Probably the best article on distributed systems

If you were asked to define a “distributed system,” what would be the first thing that comes to mind? At this time, I think we can use a poem by Mr. Su Dongpo to vividly describe our understanding of distributed system:

The horizontal view of the ridge side into a peak, near and far high and low are different.

I think what pops up in everyone’s head is something very concrete, like the following:

If you immediately think of XX hubs, XX services, you are mistakenly equating service-oriented patterns (SOA, ESB, microservices) with distributed systems.

So what is “servitization”? Servitization is like dividing the staff of the same position into the same department for management in an enterprise, so as to converge the specific work entrance, and then carry out secondary distribution to improve the utilization rate of staff and the reuse of labor achievements. The essence of servitization is “divide and conquer”, and the premise of “divide and conquer” is to dismantle first, and then talk about how to govern. In this case, the idea of high cohesion and low coupling plays a very important role in the split process because it minimizes the complexity of collaboration between different components after the split. So what matters is the “how” and how you do it incrementally, not the servitization patterns you adopt (SOA, ESB, microservices, etc.).

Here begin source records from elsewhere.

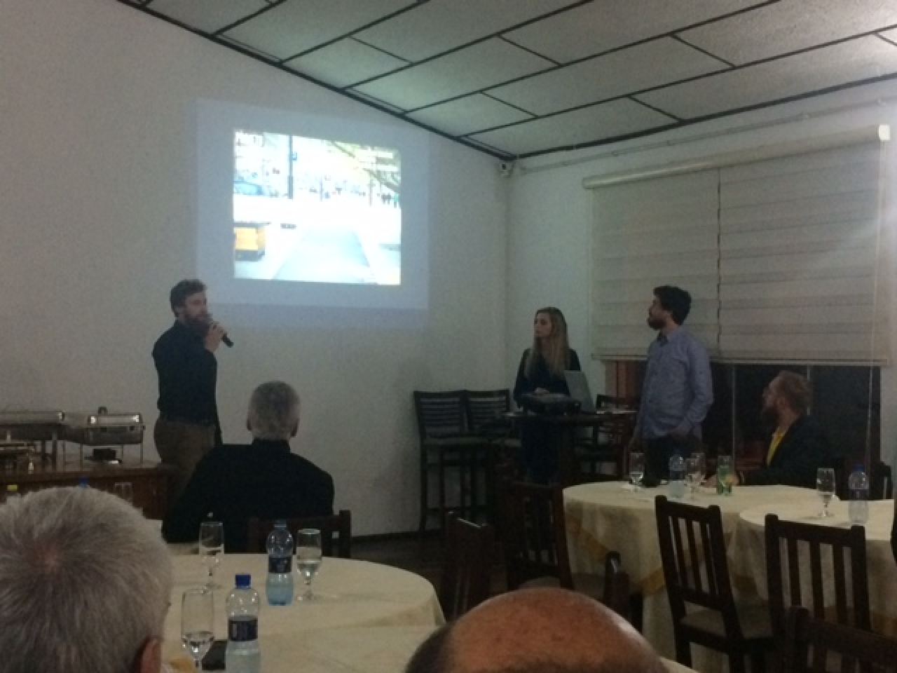 Na última quinta-feira (19), a convite do Rotary Club de Indaial, os acadêmicos do 10º semestre do curso de Arquitetura e Urbanismo da UNIASSELVI Timbó – Gustavo de Oliveira Sansão, Nelson Voltolini Junior e Rayane Redivo – apresentaram o “Projeto Calçadão Indaiá”, que traz uma proposta de revitalização com mobilidade saudável, ciclovias e espaços de convivência para a Rua Lauro Müller, localizada no centro do município de Indaial/SC.
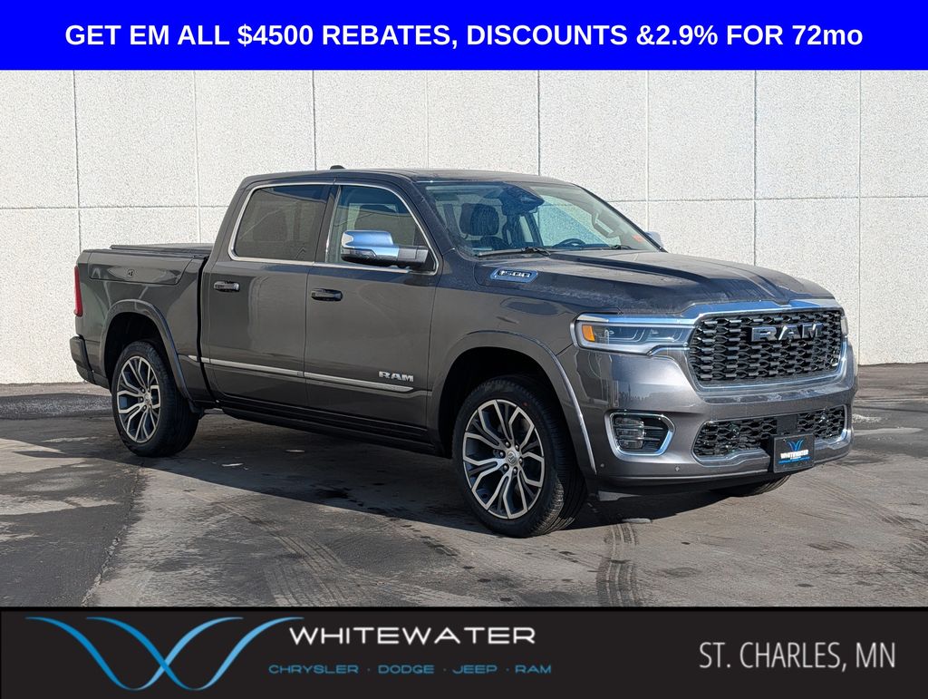 GPS Navigation,Big Horn Level 2 Plus Equipment Group,Night Edition,Quick Order Package 2UZ Big Horn,6 Speakers,9 Alpine Speakers with Subwoofer,AM/FM radio: SiriusXM,GPS Antenna Input,HD Radio,Radio data system,Radio: Uconnect 5 Navigation with 12.0" Display,Radio: Uconnect 5 with 8.4" Display,SiriusXM with 360L,Air Conditioning,Air Conditioning ATC with Dual Zone Control,Rear window defroster,115-Volt Auxiliary Front Power Outlet,115V Auxiliary Rear Power Outlet,Exterior 115V AC Outlet,Power steering,Power windows,Rear 60/40 Folding Seat,Rear Folding Seat,Rear Power Sliding Window,Remote keyless entry,Universal Garage Door Opener,Traction control,4-Wheel Disc Brakes,ABS brakes,Adaptive Steering System,Dual front impact airbags,Dual front side impact airbags,Front anti-roll bar,Low tire pressure warning,Occupant sensing airbag,Overhead airbag,Painted Front Bumper,Painted Rear Bumper,Rear anti-roll bar,Remote Start System,Brake assist,Electronic Stability Control,ParkView Rear Back-Up Camera,Delay-off headlights,Front fog lights,Fully automatic headlights,LED Tail Lamps,Emergency Vehicle Alert System (EVAS),Panic alarm,Security system,Speed control,Anti-Spin Differential Rear Axle,Auto High Beam Headlamp Control,Auto Power-Folding Mirrors,Black Exterior Mirrors,Black Exterior Truck Badging,Body Color Grille-Surround,Bumpers: chrome,Dampened Tailgate,Exterior Mirrors Courtesy Lamps,Exterior Mirrors with Heating Element,Exterior Mirrors with Supplemental Signals,Forward and Reverse Utility Lights,Front License Plate Bracket,Gloss Black Nostrils/Mic Black Grille,Heated door mirrors,LED Bed Lighting,Mirror Running Lights,MOPAR Deployable Bed Step,MOPAR Spray in Bedliner,Power Adjust Mirrors,Power door mirrors,Power Heated Folding Telescopic Mirrors,Power Telescoping Mirrors,Power-Adjustable Convex Aux Mirrors,Rear step bumper,Rear Wheelhouse Liners,Red Tail Lamp Bezels,Turn signal indicator mirrors,12" Touchscreen Display,2nd Row in Floor Storage Bins,400W Inverter,4G LTE Wi-Fi Hot Spot,Active Lane Management System,Alexa Built-in,Apple CarPlay,Apple CarPlay/Android Auto,Auto-Dimming Rear-View Mirror,Black Interior Accents,Blind Spot and Cross Path Detection,Center Stop Lamp with Cargo View Camera,Cluster 7.0" TFT Color Display,Compass,Connected Travel and Traffic Services,Connectivity - US/Canada,Disassociated Touchscreen Display,Driver door bin,Drowsy Driver Detection,Dual Glove Boxes,Dual Wireless Charging Pad,Foam Bottle Insert (door Trim Panel),Folding Flat Load Floor Storage,Footwell Courtesy Lamp,For Details, Visit DriveUconnect.com,For More Info, Call 800-643-2112,Front reading lights,Full Length Upgraded Floor Console,Global Telematics Box Module,Glove Box Lamp,Google Android Auto,Heated Steering Wheel,Illuminated entry,Integrated Voice Command with Bluetooth,Locking Lower Glove Box,Luxury Steering Wheel,Media Hub with 2 Charge Only USBs,MOPAR Front and Rear Rubber Floor Mats,MOPAR Trailer Camera Wiring with No Camera,Off-Road Info Pages,Outside temperature display,Overhead console,Passenger vanity mirror,Power Adjustable Pedals,Rear Dome with on/Off Switch Lamp,Rear seat center armrest,Remote USB Port - Charge Only,Selectable Tire Fill Alert,SiriusXM Radio Service,Steering Wheel Mounted Audio Controls,Sun Visors with Illuminated Vanity Mirrors,Surround View Camera System,Tachometer,Tilt steering wheel,Traffic Sign Recognition,Trip computer,Voltmeter,2 Way Rear Headrest Seat,4 Way Front Headrests,40/20/40 Split Bench Seat,Bucket Seats,Cloth 40/20/40 Bench Seat,Front Armrest with Cupholders,Heated Front Seats,Manual Adjust 4-Way Driver Seat,Manual Adjust 4-Way Front Passenger Seat,Power 2-Way Driver Lumbar Adjust,Power Adjust 8-Way Driver Seat,Premium Cloth Bucket Seats,Front Center Armrest w/Storage,Front Seat Back Map Pockets,Passenger door bin,Storage Tray,Trailer Reverse Guidance,Trailer Tire Pressure Monitoring System,Trailer Tow Pages,Alloy wheels,Black Wheel Center Hub,Center Hub,Wheels: 18" x 8.0" Polished Aluminum,Wheels: 20" x 8.0" Black Painted Aluminum,Rain Sensitive Windshield Wipers,Variably intermittent wipers,3.73 Axle Ratio
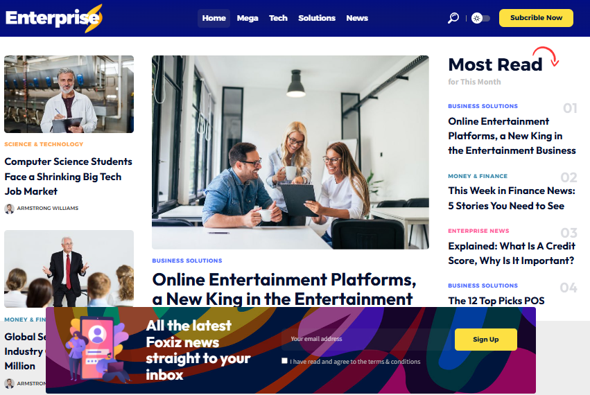 At Foxiz Premium Themes, we create cutting-edge WordPress themes designed for publishers, bloggers, online magazines, and content-driven businesses. Our mission is simple: empower creators with beautifully crafted, lightning-fast, and fully customizable themes that elevate their digital presence. With a focus on performance, SEO, and modern design, our themes combine advanced functionality with user-friendly tools—making professional website building accessible to everyone, from beginners to seasoned developers. We believe every website deserves a unique identity. That’s why Foxiz Premium Themes are built with flexible layouts, intuitive customization options, and seamless compatibility with today’s most powerful plugins. Whether you’re running a news portal, tech blog, lifestyle magazine, or niche media site, our themes help you deliver content that stands out. Backed by a dedicated support team and continuous updates, Foxiz Premium Themes ensures your website stays fast, secure, and ahead of industry trends.

Why is “how to dismantle” the most important? Let me give you an example. The organizational structure of an enterprise consists of three models: functional, project and matrix. You can think of the enterprise here as a “distributed system,” and the following three models as three forms of this distributed system. As the owner of this “system,” you need to think about how to break it up so that the functional components work better with each other. Suppose you want to split a business with 10,000 employees into 20 “functional” divisions. The result is 500 people each.

At this point, if the work is pipeline-like upstream and downstream relationship. When one department finishes, it passes to the next.

So this is high cohesion, low coupling. Because a job is only associated with another job, and only once.

However, if the work needs to be carried out frequently by personnel with different functions at the same time, the same department may be connected with multiple departments.

So, this is low cohesion, high coupling. Because a job needs to be related to many other jobs more than once.

It can be seen that servitization reflects the effect of “divide and conquer”, which is also the core idea of distributed system. Therefore, from the essence of “divide and conquer”, servitization is indeed a distributed system, but distributed system does not stop at those servitization modes.

I’m sure that any software system you develop at work is going to have to be broken down everywhere, unless it’s so minimal that it just needs to compute a 1+1. For example, when we click “Submit order” on the e-commerce platform, we will generate order, deduct points, deduct inventory and other actions. At the beginning of the e-commerce system, all the functions may be in one system, so can these operations be written in one method body? I think most people don’t care how you write your code as long as it works. But what if you need to add a red envelope function? You’ve probably experienced the pain of adding functionality to hundreds or thousands of lines of code.

The solution to this problem is to do the splitting, combing, categorizing, and converging the different closely related parts into a separate logical body, which can be functions, classes, namespaces, and so on. Therefore, from this point of view, the problem of “divide and conquer” already exists in our work, depending on whether we have to pay attention to it. So it’s not just something we need to think about when we do servitization.

So how to do this thing well, better separation ability is what we need to master. If it’s just because I see other people doing this, I will do the same. According to the “80-20 principle”, maybe “copying a gourd” can reach 80% agreement, but often the remaining 20% will be the “big trouble” that consumes 80% of our energy. Knowing the core themes will help you find the ideal high-cohesion, low-coupling solution more quickly.

Is “distributed system” a variety of middleware?

Or, when you hear distributed systems, you think of the XYZ MQ framework, the XYZ RPC framework, the xyz DAL framework, and erroneously equate middleware with distributed systems.

It is important to understand that middleware serves a standardization function. Middleware is just a medium, a tool, to host these standardization ideas, and can act as a guide and a constraint to greatly reduce system complexity and collaboration costs. Let’s take a look at each:

The MQ framework standardizes non-real-time asynchronous communication between different applications.

The RPC framework standardizes the way different applications communicate in real time.

The DAL (Data Access Layer) framework standardizes the way applications and databases communicate.

So, although middleware is used in distributed systems, distributed systems are not just about what middleware is used. You need to know what is being standardized behind each type of middleware, what its purpose is, what side effects it has, and so on. Only then can you really identify the differences between the different technology frameworks and find the one that really fits the current system.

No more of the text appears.